Upon the passing of our loved one and as soon as the death certificate is extracted from the Registration Department of Births and Deaths, most of the deceased’s assets are frozen up indefinitely.
Put in other words, the deceased’s assets such as the immovable properties, the monies in the bank accounts and vehicles etc. cannot be transferred to the respective heirs until the executor or the administrator procure the “key” to unfreeze it.
The “key” in this context means either the Grant of Probate (GP) or the Letter of Administration (LA). Probate is granted when there is a valid will and a proving executor. A proving executor means that the executor nominated in the will is able, willing and has the capacity to carry out the administration of the estate.
Application of Grant of Probate (With A Valid Will)
The application for GP will be made to the High Court and the entire process will generally take about 3 to 6 months depending on the size of the estate. Once the probate is granted and extracted, the executor can collect all the deceased’s assets into his possession to first settle all the deceased’s debts and liabilities.
Upon settlement of all the debts and liabilities, the executor shall then distribute the remainder of the estate to the beneficiaries named in the Will in accordance with the terms of the Will. The executor must prepare a complete account of all assets that came into his possession and keep the account after distribution for future reference.
Application of Letter of Administration (Without A Valid Will)
On the other hand, the application for LA applies when the deceased dies without a Will or when the deceased leaves behind a Will but no proving executor. This process is both lengthy and costly if compared to the application for GP. It will normally take about 6 months to 2 years +. The application for LA must be filed together with the death certificate, the particulars of the applicant, the list of assets and liabilities of the deceased, the list of beneficiaries and the existence of minor interest (if any).
Further, only applies in the case of LA, in the event the value of the estate exceeds RM50,000.00, the applicant is required to provide two sureties who have assets within the jurisdiction equivalent to the amount of the deceased’s estate (the sureties must also be residents in Malaysia) as security for the due administration of the estate, unless the court makes an order for dispensation.

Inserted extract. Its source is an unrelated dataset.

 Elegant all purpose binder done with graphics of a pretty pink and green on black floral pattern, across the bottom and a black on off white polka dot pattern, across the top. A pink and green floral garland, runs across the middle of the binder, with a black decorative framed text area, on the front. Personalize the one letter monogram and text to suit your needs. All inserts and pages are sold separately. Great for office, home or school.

Having extracted the LA, the administration of the estate can seek to transmit all the deceased’s assets to his possession to first settle all the deceased’s debts and liabilities. Upon settlement of debts of the estate, the administrator has to distribute the remainder of the estate to the beneficiaries pursuant to the Distribution Act 1958. Thereafter, the administrator is required to apply to the High Court for the confirmation on the distribution. As such, a complete and detailed account of the distribution has to be prepared by the administrator.